**TASK TO CARRY OUT:** Please output every entry below exactly as written, leaving out any pictures.

[[ TASK DATA open ]]

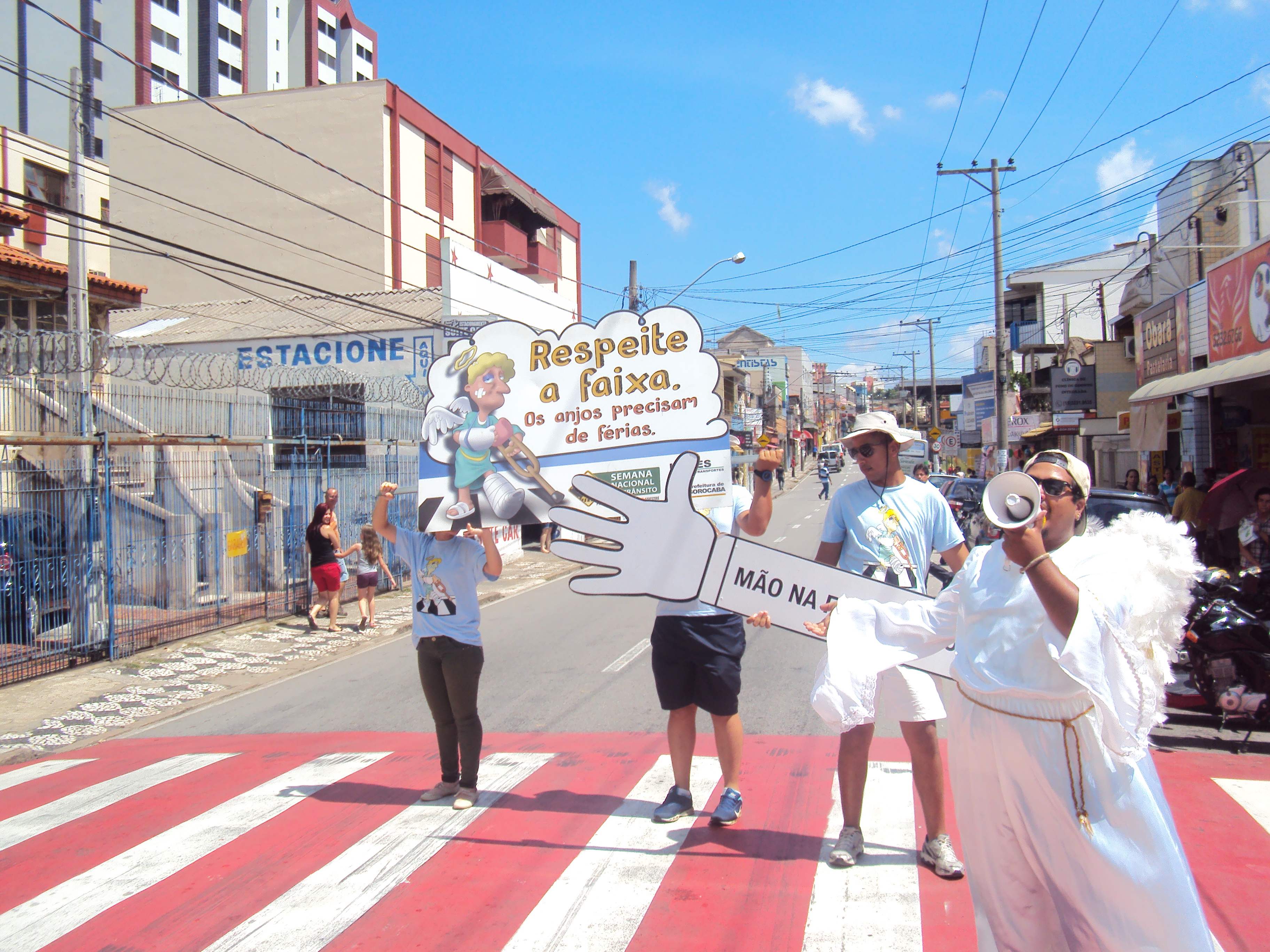 Os arte-educadores da Urbes estão em duas faixas de pedestres da região central vestido de anjos. As ações incentivam as pessoas a pedirem a passagem de forma consciente e com segurança e, ainda, motiva o motorista a contribuir com um trânsito mais cordial, respeitando o mais fraco elemento da mobilidade urbana: o pedestre.
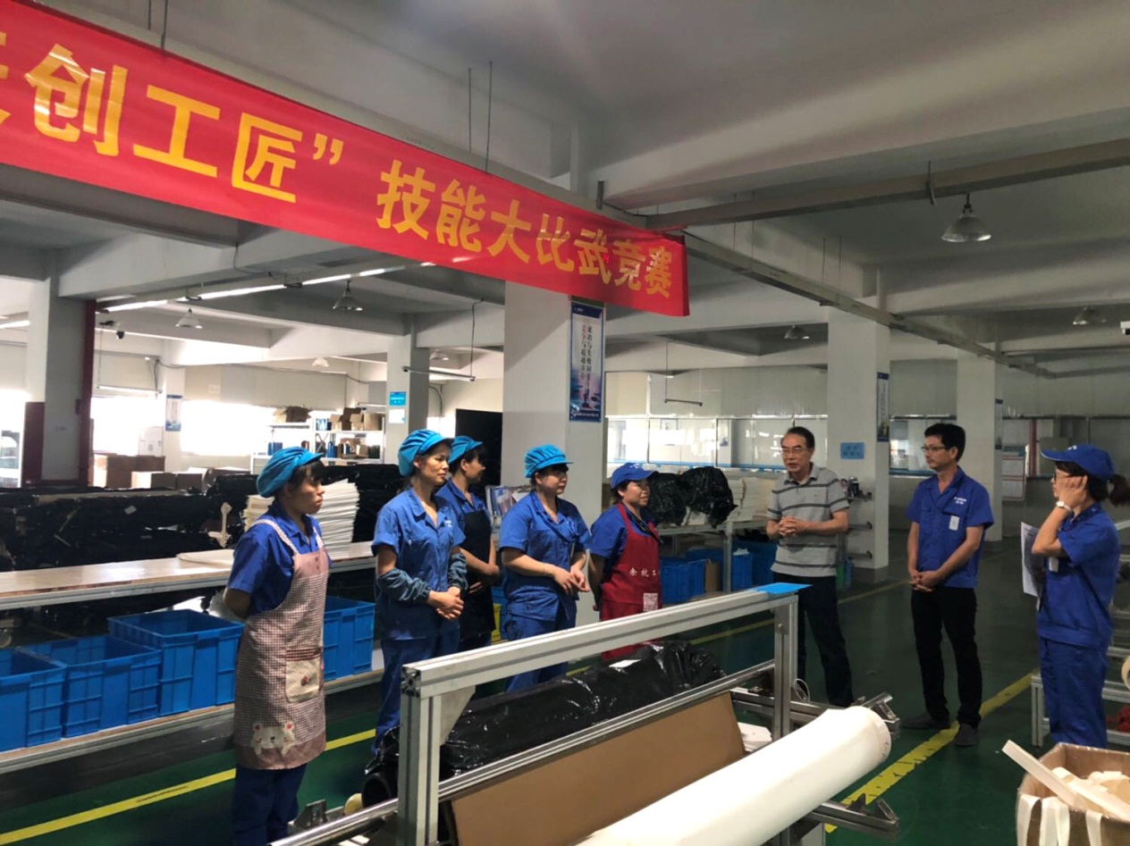 卷膜比赛是巾帼英雄们的会场,以一小时内以员工卷膜数量及质量做为衡量标准。随着天创总工程师薜总一声令下,女工们快速归位,熟悉地配合机器做好膜片的放置,用自已的心灵手巧诠释了卷膜技能工艺。比赛现场非常严肃,甚至有女工在卷第一只膜时就出现了差错,好在一会儿调整心态逐步趋入正常。
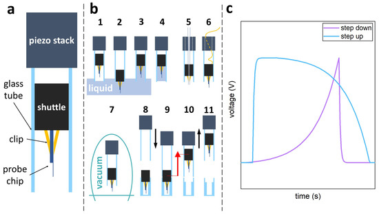(a) Schematic drawing of the Vertical Positioning System (side view) (b) schematic drawings of different applications of the VPS. (1–4) The VPS has been tested in liquid environment, and the glass tube can act as a functionalisation chamber. (5) The VPS can be used for other SPM techniques, e.g., NSOM, which uses tapered waveguide probes or (6) STM by establishing an electrical connection to the conductive probe. (7) The VPS has been tested and is compatible with working in a vacuum of mbar. (8–11) The VPS can expel and regain the plug under simple stick-slip operations. This simple probe exchange can be automated. (c) Asymmetric sawtooth waveforms with exponential deceleration used to drive the VPS.
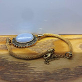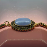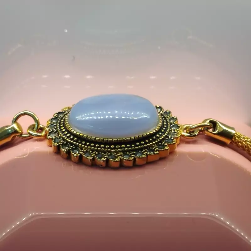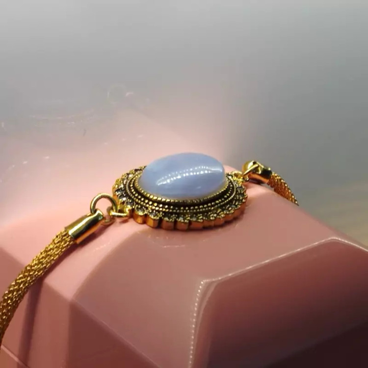 دستبند استیل رنگ ثابت با آبکاری زرد و نگین مارکازیت، عقیق آبی صددرصد طبیعی با ضمانت مکتوب اصالت،برند دُرسیم
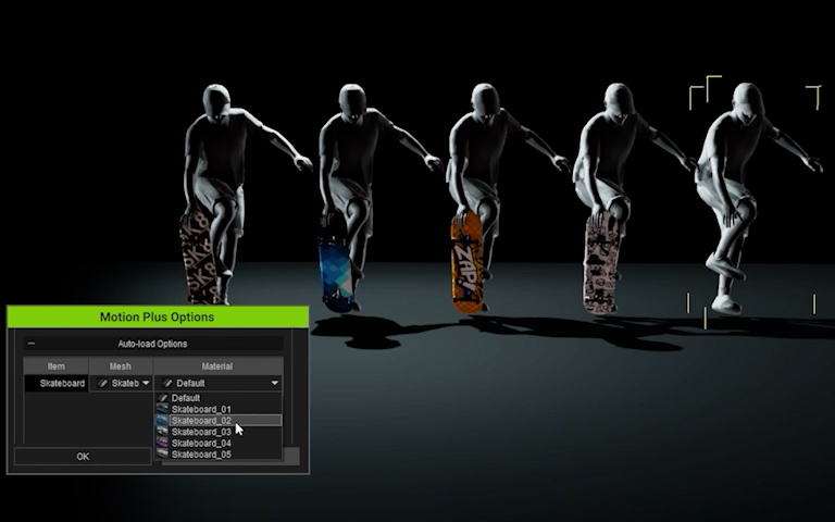 The iClone Smart Accessory system simplifies the entire process of editing motions and loading accessories. It is now possible to spawn a crowd of characters with unique accessories for each individual, automatically associate mocap motions with prop animations like skateboarding, or trigger MD performances for held objects.

[[ TASK DATA closed ]]

**EXERCISE RESPONSE:**
 Os arte-educadores da Urbes estão em duas faixas de pedestres da região central vestido de anjos. As ações incentivam as pessoas a pedirem a passagem de forma consciente e com segurança e, ainda, motiva o motorista a contribuir com um trânsito mais cordial, respeitando o mais fraco elemento da mobilidade urbana: o pedestre.
 卷膜比赛是巾帼英雄们的会场,以一小时内以员工卷膜数量及质量做为衡量标准。随着天创总工程师薜总一声令下,女工们快速归位,熟悉地配合机器做好膜片的放置,用自已的心灵手巧诠释了卷膜技能工艺。比赛现场非常严肃,甚至有女工在卷第一只膜时就出现了差错,好在一会儿调整心态逐步趋入正常。
(a) Schematic drawing of the Vertical Positioning System (side view) (b) schematic drawings of different applications of the VPS. (1–4) The VPS has been tested in liquid environment, and the glass tube can act as a functionalisation chamber. (5) The VPS can be used for other SPM techniques, e.g., NSOM, which uses tapered waveguide probes or (6) STM by establishing an electrical connection to the conductive probe. (7) The VPS has been tested and is compatible with working in a vacuum of mbar. (8–11) The VPS can expel and regain the plug under simple stick-slip operations. This simple probe exchange can be automated. (c) Asymmetric sawtooth waveforms with exponential deceleration used to drive the VPS.
 دستبند استیل رنگ ثابت با آبکاری زرد و نگین مارکازیت، عقیق آبی صددرصد طبیعی با ضمانت مکتوب اصالت،برند دُرسیم
 The iClone Smart Accessory system simplifies the entire process of editing motions and loading accessories. It is now possible to spawn a crowd of characters with unique accessories for each individual, automatically associate mocap motions with prop animations like skateboarding, or trigger MD performances for held objects.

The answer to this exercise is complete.